I need some help on what to believe.
When he's in a bad mood he shouts at me and throws things in my general direction (doesn't mean to hit me though, I don't think so I just joke about it cause that's what Mum does) he also yells at me and calls me: pathetic, a joke, a disgrace, stupid, a ****** and a couple of times a d*ck, but I think he was just tired. I don't think it's too bad but my friend says it is.

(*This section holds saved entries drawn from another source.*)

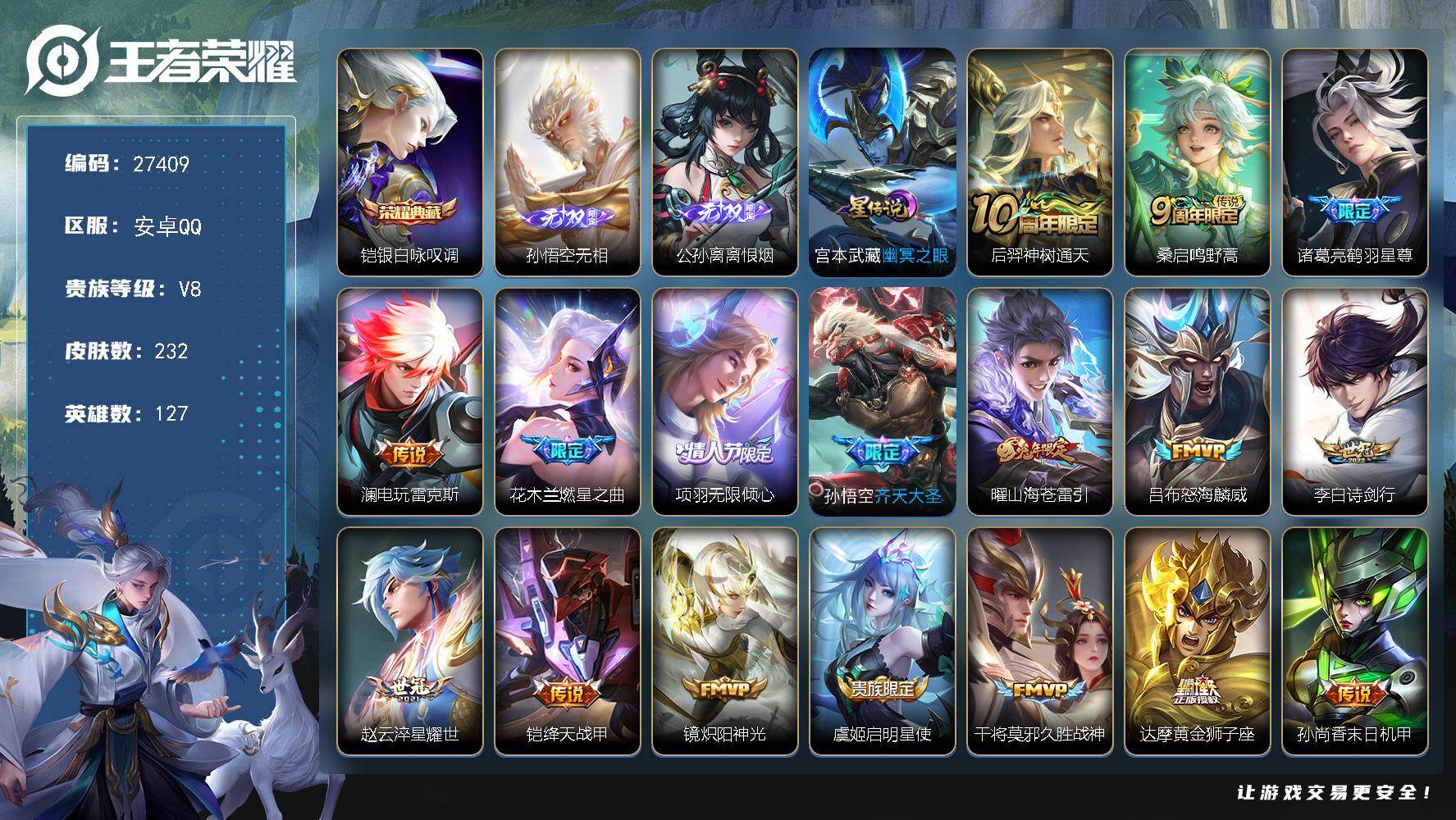 PX_2528413-可换绑【精品小号·孙策珍品·澜司空震虞姬蛇限·曜李信年限·齐天大圣·大圣娶妻·多年限号·无二次】1星传说,幸运值253,按键7,1王者印记,满级铭文,无二次安卓Q-V7-260皮肤-1珍品传说-15传说-67史诗【珍品传说】:孙策时之奇旅【星元皮肤】:宫本武藏幽冥之眼【传说皮肤】:后羿神树通天,司空震愿照山河定,澜愿照九州拓,虞姬愿照岁时盈,云缨幻光神枪,桑启鸣野蒿,孙悟空齐天大圣,小乔山海琳琅生,曜山海苍雷引,李信山海炽霜斩,孙尚香音你闪耀,孙悟空零号赤焰,达摩黄金狮子座,后羿黄金射手座,宫本武藏地狱之眼【限定皮肤】:狄仁杰阴阳师,小乔山海琳琅生,赵云皇家上将,孙尚香蔷薇恋人,高渐离玩趣恶龙,阿轲迷踪丽影,钟无艳超时空战士,元歌云间偶戏,元歌无心,夏侯惇朔风刀,甄姬落雪兰心,典韦蓝屏警告,马可波罗暗影游猎,马可波罗山海玄木吟,狄仁杰魔术师,狄仁杰万华元夜,项羽海滩派对,老夫子醍醐杖,关羽冰锋战神,程咬金演武夺筹,刘邦夺宝奇兵,兰陵王金庭之子,亚瑟潮玩骑士王,孙悟空大圣娶亲,孙悟空零号赤焰,孙悟空齐天大圣,李元芳云中旅人,钟馗驱傩正仪,女娲朔望之晖,干将莫邪真爱魔法,雅典娜单词大作战,蔡文姬繁星吟游,太乙真人饕餮,东皇太一逐梦之光,鬼谷子原初探秘者,鬼谷子五谷丰年,苏烈玄武志,弈星混沌棋,沈梦溪大漠名商,明世隐疑决卦,裴擒虎李小龙,裴擒虎擒涛扼浪,瑶山海碧波行,云中君纤云弄巧,李信山海炽霜斩,盾山御銮,猪八戒西部大镖客,上官婉儿梁祝,嫦娥暖冬兔眠,曜山海苍雷引,蒙犽狂想玩偶喵,鲁班大师探海日志,桑启海盐诗旅,暃星界游侠,阿古朵江河有灵,张良古海寻踪,高渐离燃音魔法,妲己灵卜魔法,鬼谷子天穹祈灯,伽罗琥珀纪元,沈梦溪龙舞盛年,刘邦剑破天穹【年限皮肤】:苏烈玄武志,小乔山海琳琅生,曜山海苍雷引,李信山海炽霜斩,瑶山海碧波行,马可波罗山海玄木吟,司空震愿照山河定,澜愿照九州拓,虞姬愿照岁时盈【赛季限定】:太乙真人饕餮,盾山御銮,夏侯惇朔风刀,弈星混沌棋,明世隐疑决卦,老夫子醍醐杖,鬼谷子原初探秘者,狄仁杰万华元夜,程咬金演武夺筹,钟馗驱傩正仪,兰陵王金庭之子,沈梦溪大漠名商,李元芳云中旅人,桑启海盐诗旅,裴擒虎擒涛扼浪,鲁班大师探海日志,张良古海寻踪,鬼谷子天穹祈灯,刘邦剑破天穹,东皇太一噬灭天穹,太乙真人谧流熔炉,钟馗虚灵犬护,亚瑟荣光之誓【战令限定】:典韦蓝屏警告,女娲朔望之晖,阿轲迷踪丽影,刘邦夺宝奇兵,马可波罗暗影游猎,猪八戒西部大镖客,蒙犽狂想玩偶喵,雅典娜单词大作战,元歌云间偶戏,亚瑟潮玩骑士王,干将莫邪真爱魔法,钟无艳超时空战士,甄姬落雪兰心,暃星界游侠,嫦娥暖冬兔眠,高渐离燃音魔法,妲己灵卜魔法,百里守约百相守梦,老夫子百相守梦,周瑜线条小狗【史诗皮肤】:周瑜线条小狗,少司缘巫礼祀神,女娲万灵启世,百里玄策罗小黑战记,黄忠百相守梦,扁鹊灵蛊蚀心,狂铁龙之律动,赵怀真器灵浮梦炉,弈星万物之道,百里守约百相守梦,伽罗琥珀纪元,高渐离燃音魔法,妲己灵卜魔法,阿古朵江河有灵,刘禅电玩爆裂旋风,瑶山海碧波行,马可波罗山海玄木吟,暃星界游侠,元歌无心,鬼谷子五谷丰年,钟无艳超时空战士,干将莫邪真爱魔法,元歌云间偶戏,云中君纤云弄巧,裴擒虎李小龙,蒙犽狂想玩偶喵,马可波罗暗影游猎,橘右京修罗,阿轲迷踪丽影,蔡文姬繁星吟游,上官婉儿梁祝,狄仁杰鹰眼统帅,典韦蓝屏警告,苏烈玄武志,孙悟空大圣娶亲,孙策猫狗日记,东皇太一逐梦之光,白起星夜王子,程咬金功夫厨神,李元芳逐浪之夏,蔡文姬舞动绿茵,铠曙光守护者,百里守约特工魅影,雅典娜冰冠公主,兰陵王暗隐猎兽者,小乔缤纷独角兽,夏侯惇乘风破浪,刘邦德古拉伯爵,花木兰水晶猎龙者,关羽冰锋战神,张飞乱世虎臣,曹操幽灵船长,吕布圣诞狂欢,墨子金属风暴,妲己女仆咖啡,嬴政摇滚巨星,孙尚香水果甜心,孙尚香蔷薇恋人,宫本武藏鬼剑武藏,廉颇地狱岩魂,狄仁杰魔术师,王昭君偶像歌手,甄姬冰雪圆舞曲,貂蝉圣诞恋歌,赵云未来纪元,赵云皇家上将,阿轲暗夜猫娘,露娜紫霞仙子,项羽苍穹之光【其他皮肤】:兰陵王雾影缉谜,鲁班七号班班快跑,桑启线条小狗,虞姬溯影追猎,艾琳鹤鸣心笺,亚瑟荣光之誓,哪吒罗小黑战记,鬼谷子克喵,莱西奥踏浪烽翎,白起死霸装,姬小满小满鸭,露娜命运加冕,阿古朵布丁狗之约,张良灵野札记,苏烈春野闲踪,钟馗虚灵犬护,刘备浪漫序章,戈娅玫蓝誓约,明世隐景韶洛都,姜子牙星梦巡礼,西施雪境奇遇,典韦铁骨偃魂,太乙真人谧流熔炉,苍苍林狼骑,干将莫邪雾都夜雨,老夫子百相守梦,东皇太一噬灭天穹,刘邦剑破天穹,钟无艳春野之旅,沈梦溪龙舞盛年,廉颇功夫炙烤,妲己灵卜魔法,鬼谷子天穹祈灯,后羿完美运算,张良古海寻踪,李元芳妄想特派,鲁班大师探海日志,裴擒虎擒涛扼浪,牛魔牛运亨通,猪八戒潮玩探月行,嫦娥暖冬兔眠,桑启海盐诗旅,李元芳云中旅人,甄姬落雪兰心,蒙恬蔚蓝守将,沈梦溪大漠名商,兰陵王金庭之子,程咬金无双福将,鲁班大师乓乓大师,钟馗驱傩正仪,盘古重装意志,张良缤纷绘卷,程咬金演武夺筹,露娜瓷语鉴心,杨戬次元傲视,刘禅秘密基地,亚瑟潮玩骑士王,狄仁杰万华元夜,雅典娜单词大作战,鬼谷子原初探秘者,廉颇无尽征程,狂铁特工战影,猪八戒西部大镖客,老夫子醍醐杖,盾山圆桌骑士,刘邦夺宝奇兵,明世隐疑决卦,哪吒次元
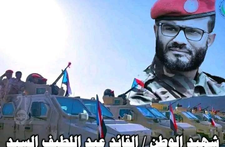 القائد الشجاع في الذكرى الاولى لاستشهاده نستذكر بكل فخر وتقدير تضحياتة الجسام في سبيل الوطن، لقد كان الشهيد عبد اللطيف السيد رمزاً للبطولة والشجاعة وقدم حياتة فداءً لارض الجنوب وضحى بكل ما يملك وبنفسة من اجل امن واستقرار محافظة أبين خاصة والجنوب عامة.
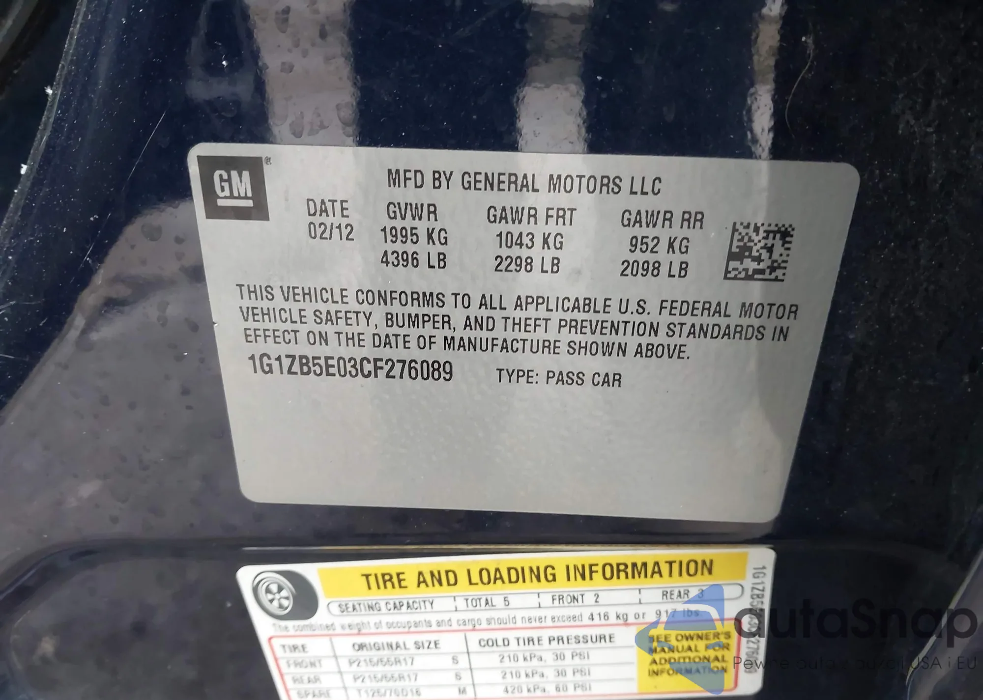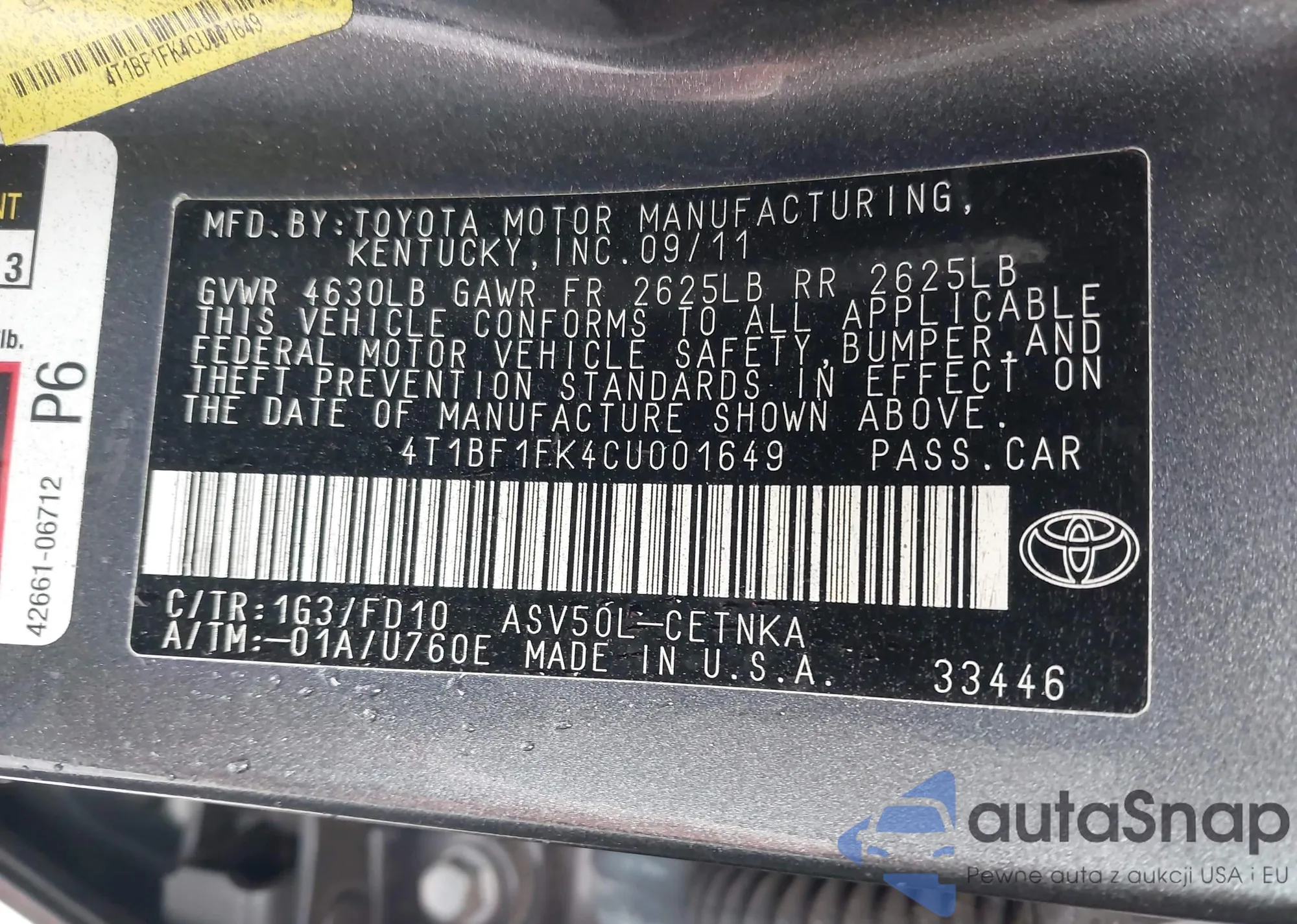 • VIN 4T1BF1FK4CU001649
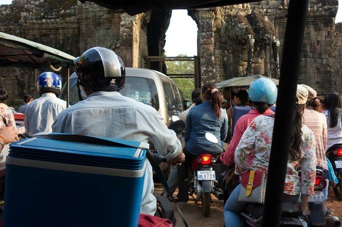 简单洗漱完毕,按计划开始走大圈。乘坐酒店提供tuktuk,包车,15美刀一天。司机会说一些英文,勉强可以沟通。tuktuk上也放了一张英文地图,比较方便交流,看来这哥们还是花了心思的。
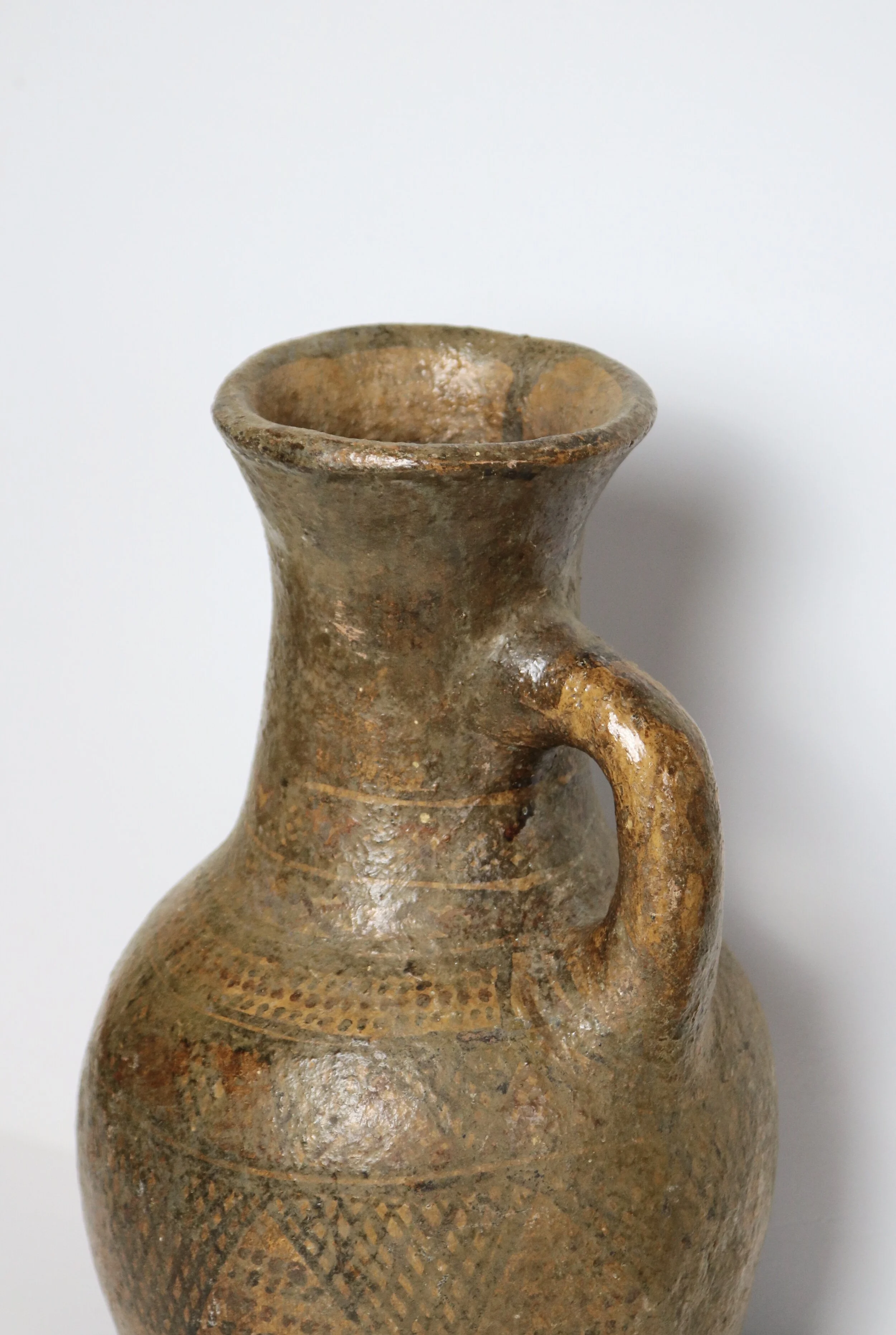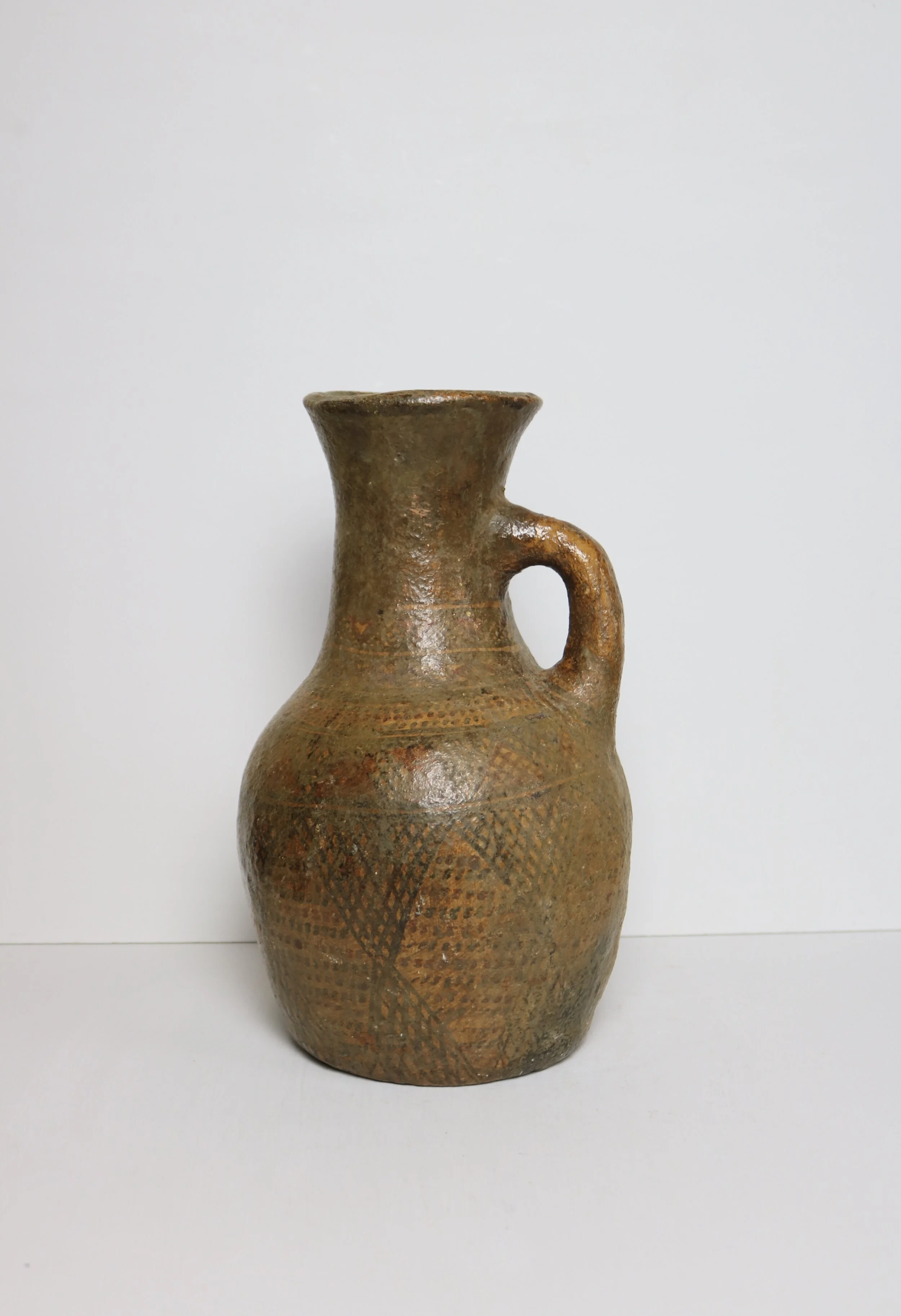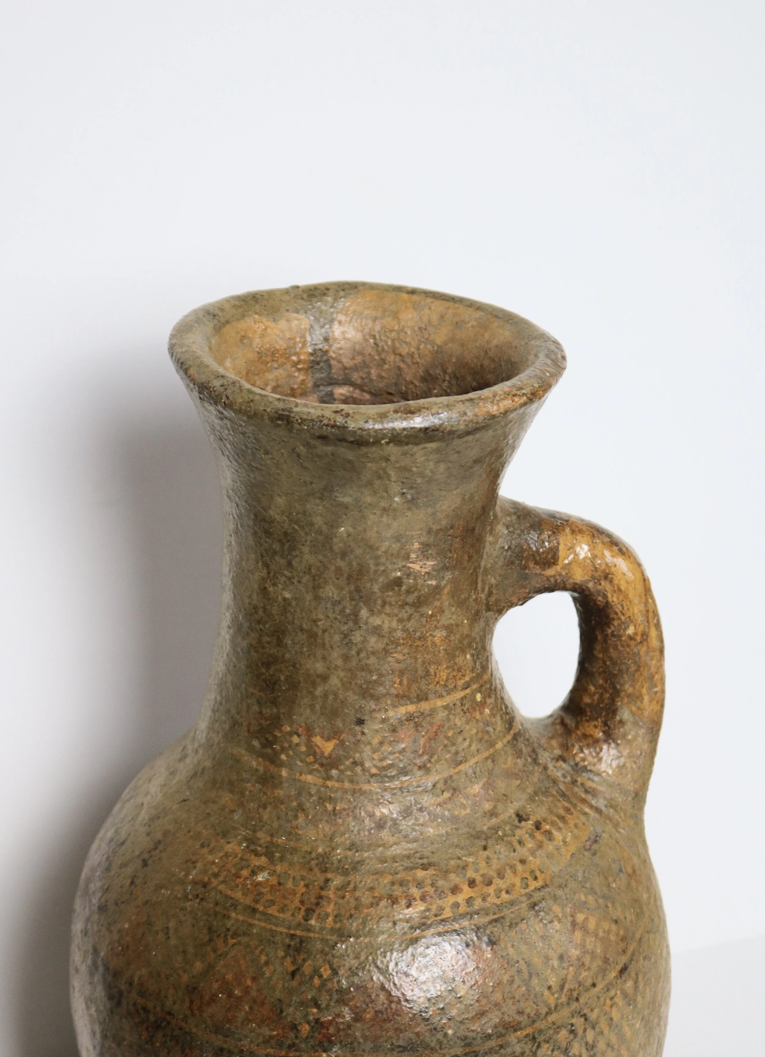 Avery large jug/vase most probably handmade from local clay dug by hand. The patterns on the vase would suggest it is African and most likely made for practical use as water or food storage.

When he's in a good mood he's fun though.
We have a kinda strained relationship, I can't even remember the last time he hugged me.
Also, when he found out I was doing self-harm he yelled at me for making Mum worry ( although Mum shouted too about the family's reputation and about how I was stupid to do 'such a stupid thing' so shouting at me for that can't be too bad) and whenever my wee sister does anything it's always my fault even when I'm not there and I get yelled at for that.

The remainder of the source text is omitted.